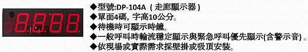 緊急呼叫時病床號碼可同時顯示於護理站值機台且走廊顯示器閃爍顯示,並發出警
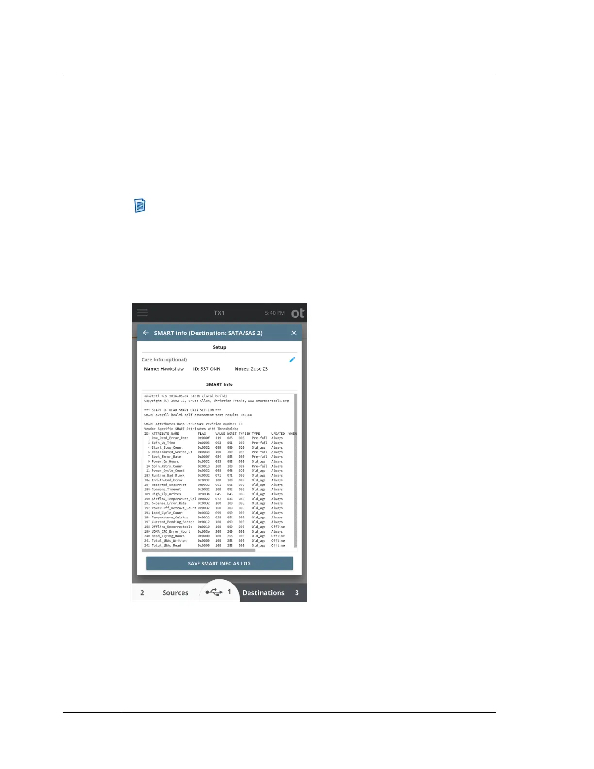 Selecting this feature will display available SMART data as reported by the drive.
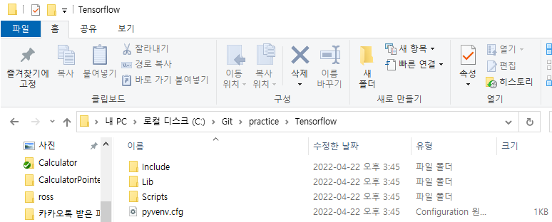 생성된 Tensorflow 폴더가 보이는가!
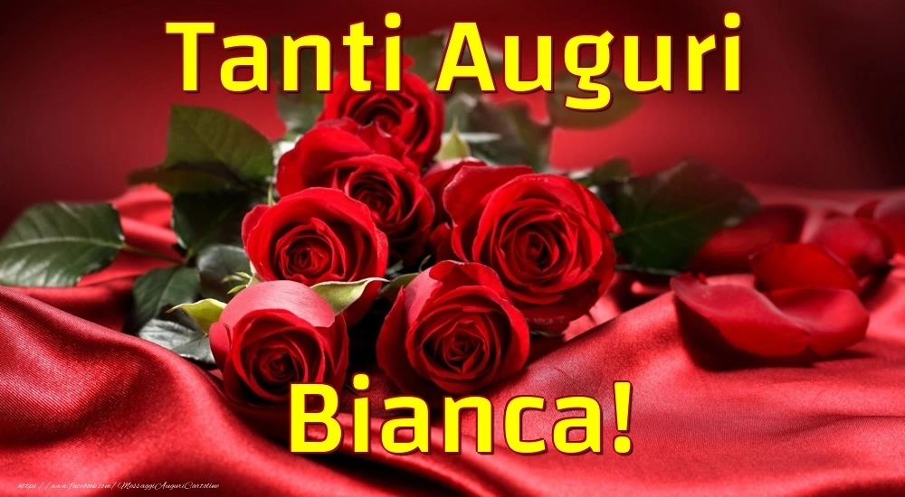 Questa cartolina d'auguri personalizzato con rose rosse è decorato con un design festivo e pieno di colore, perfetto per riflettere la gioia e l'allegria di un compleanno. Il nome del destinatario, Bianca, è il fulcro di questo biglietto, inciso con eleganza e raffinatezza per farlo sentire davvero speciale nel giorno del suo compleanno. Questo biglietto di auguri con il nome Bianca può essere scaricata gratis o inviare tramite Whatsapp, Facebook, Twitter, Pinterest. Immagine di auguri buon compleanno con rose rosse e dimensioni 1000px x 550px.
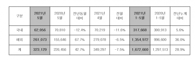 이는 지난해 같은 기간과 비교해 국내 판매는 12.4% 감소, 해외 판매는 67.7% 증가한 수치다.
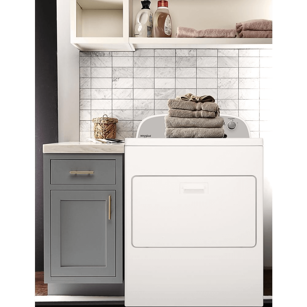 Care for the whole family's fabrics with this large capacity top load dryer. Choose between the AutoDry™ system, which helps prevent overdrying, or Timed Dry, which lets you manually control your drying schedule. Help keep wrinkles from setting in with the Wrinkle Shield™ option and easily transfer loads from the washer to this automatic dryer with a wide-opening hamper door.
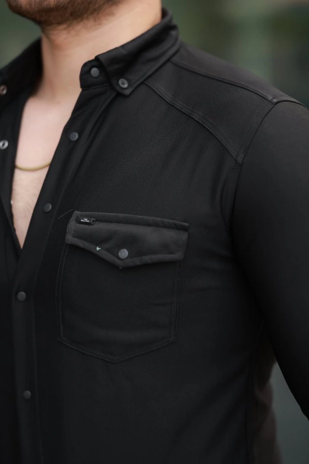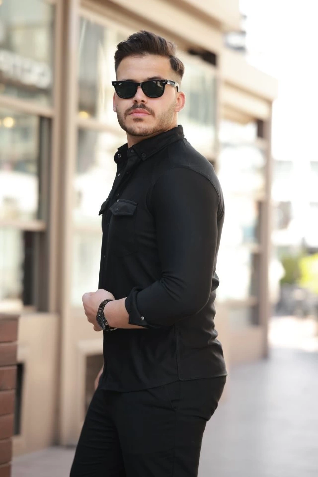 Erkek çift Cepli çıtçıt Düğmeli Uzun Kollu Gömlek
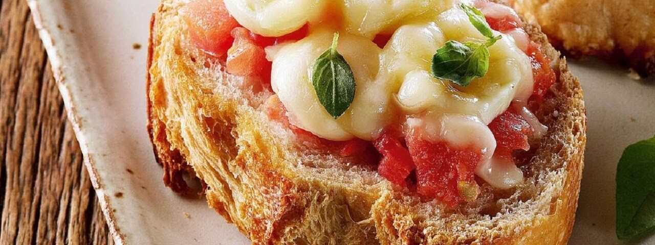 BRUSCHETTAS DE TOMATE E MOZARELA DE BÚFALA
------------
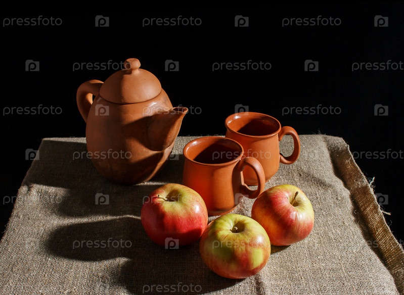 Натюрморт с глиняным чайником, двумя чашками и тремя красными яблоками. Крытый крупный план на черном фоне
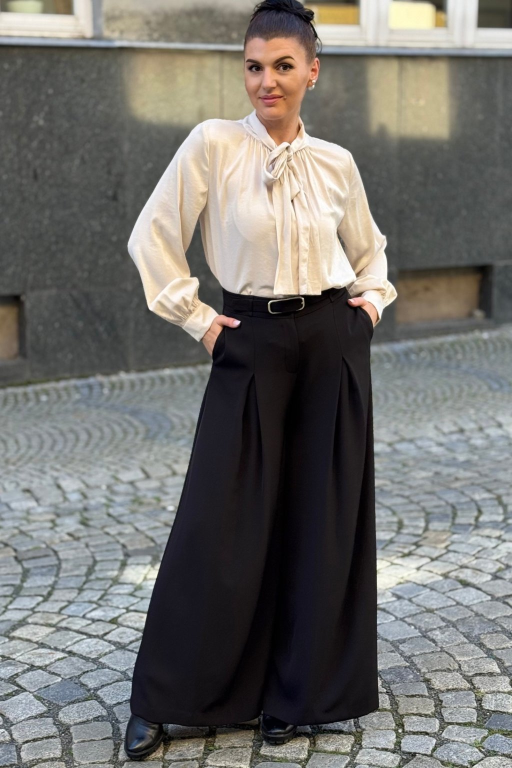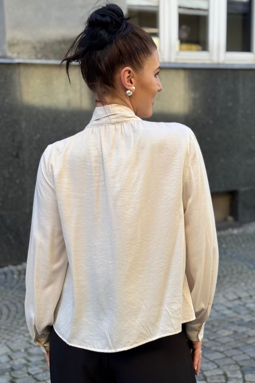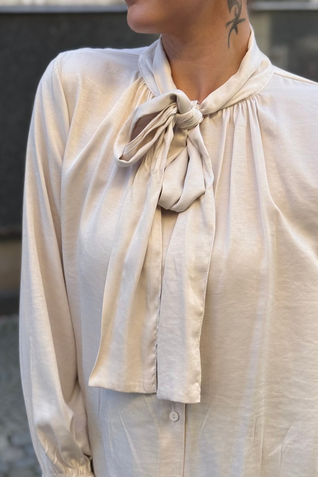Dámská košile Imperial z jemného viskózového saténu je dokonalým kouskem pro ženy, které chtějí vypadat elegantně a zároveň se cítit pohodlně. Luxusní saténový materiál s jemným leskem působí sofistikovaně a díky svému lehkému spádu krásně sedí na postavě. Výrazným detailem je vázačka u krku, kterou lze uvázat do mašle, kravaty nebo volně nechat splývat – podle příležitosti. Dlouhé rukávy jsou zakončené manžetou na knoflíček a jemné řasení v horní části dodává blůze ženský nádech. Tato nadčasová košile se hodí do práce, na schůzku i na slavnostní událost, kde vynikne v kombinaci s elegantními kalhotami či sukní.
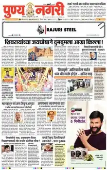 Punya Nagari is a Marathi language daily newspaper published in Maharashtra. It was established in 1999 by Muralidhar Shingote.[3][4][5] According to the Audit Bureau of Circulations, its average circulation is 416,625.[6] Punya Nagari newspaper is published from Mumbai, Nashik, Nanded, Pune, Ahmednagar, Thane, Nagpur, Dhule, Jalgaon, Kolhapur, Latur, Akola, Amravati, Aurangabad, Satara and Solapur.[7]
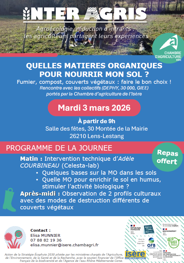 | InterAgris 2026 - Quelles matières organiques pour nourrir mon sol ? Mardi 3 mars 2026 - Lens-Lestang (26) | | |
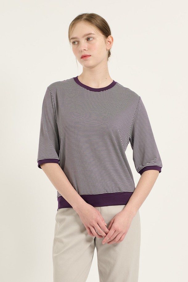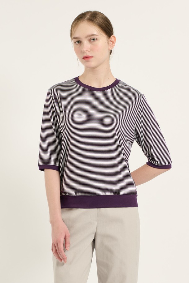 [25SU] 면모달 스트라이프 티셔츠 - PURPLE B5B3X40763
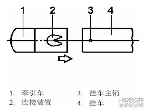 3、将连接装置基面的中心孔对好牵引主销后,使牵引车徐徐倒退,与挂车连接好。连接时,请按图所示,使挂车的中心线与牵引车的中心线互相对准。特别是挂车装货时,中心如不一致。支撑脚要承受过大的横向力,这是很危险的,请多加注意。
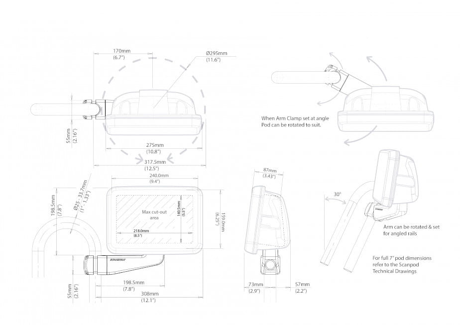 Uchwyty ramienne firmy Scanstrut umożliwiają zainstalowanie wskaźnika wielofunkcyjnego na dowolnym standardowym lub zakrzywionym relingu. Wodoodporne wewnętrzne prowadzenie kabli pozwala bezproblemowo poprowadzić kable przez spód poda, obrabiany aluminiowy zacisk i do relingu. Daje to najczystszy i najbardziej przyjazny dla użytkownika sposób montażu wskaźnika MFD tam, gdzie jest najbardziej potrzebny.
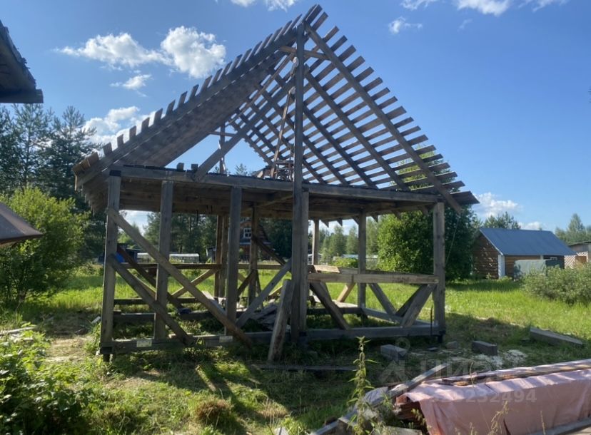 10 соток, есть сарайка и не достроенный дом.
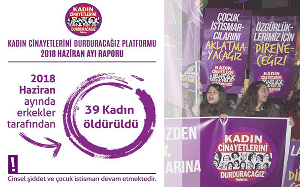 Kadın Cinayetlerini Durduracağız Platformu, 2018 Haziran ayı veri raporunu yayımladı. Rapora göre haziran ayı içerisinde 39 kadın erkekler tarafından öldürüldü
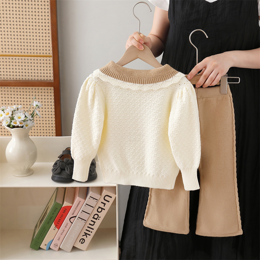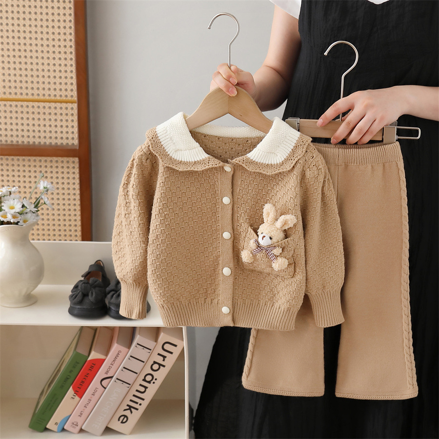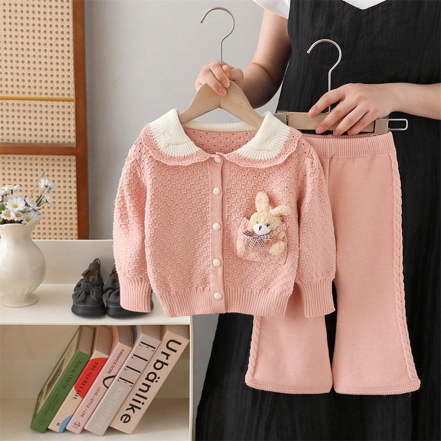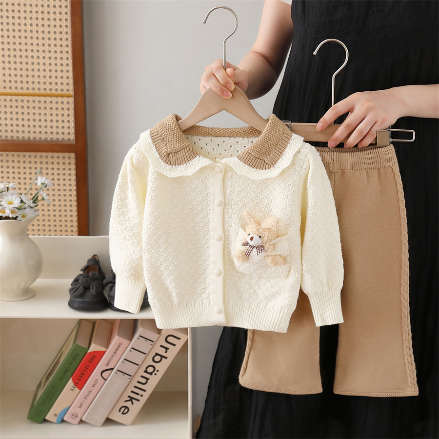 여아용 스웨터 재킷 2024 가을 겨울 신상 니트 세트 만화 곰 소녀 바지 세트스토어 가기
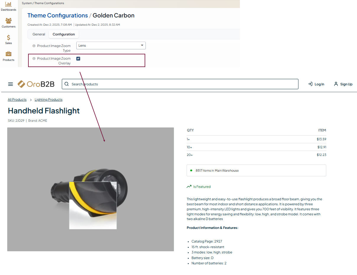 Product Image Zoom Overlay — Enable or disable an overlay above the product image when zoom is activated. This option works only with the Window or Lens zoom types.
------------
_Directions_
Look above for the line with "緊急呼叫時病床號碼可同時顯示於護理站值機台且走廊顯示器閃爍顯示,並發出警" and the line with "생성된 Tensorflow 폴더가 보이는가!". Output those two and everything between them exactly, pictures excluded.

_Response_
 緊急呼叫時病床號碼可同時顯示於護理站值機台且走廊顯示器閃爍顯示,並發出警
 Selecting this feature will display available SMART data as reported by the drive.
 생성된 Tensorflow 폴더가 보이는가!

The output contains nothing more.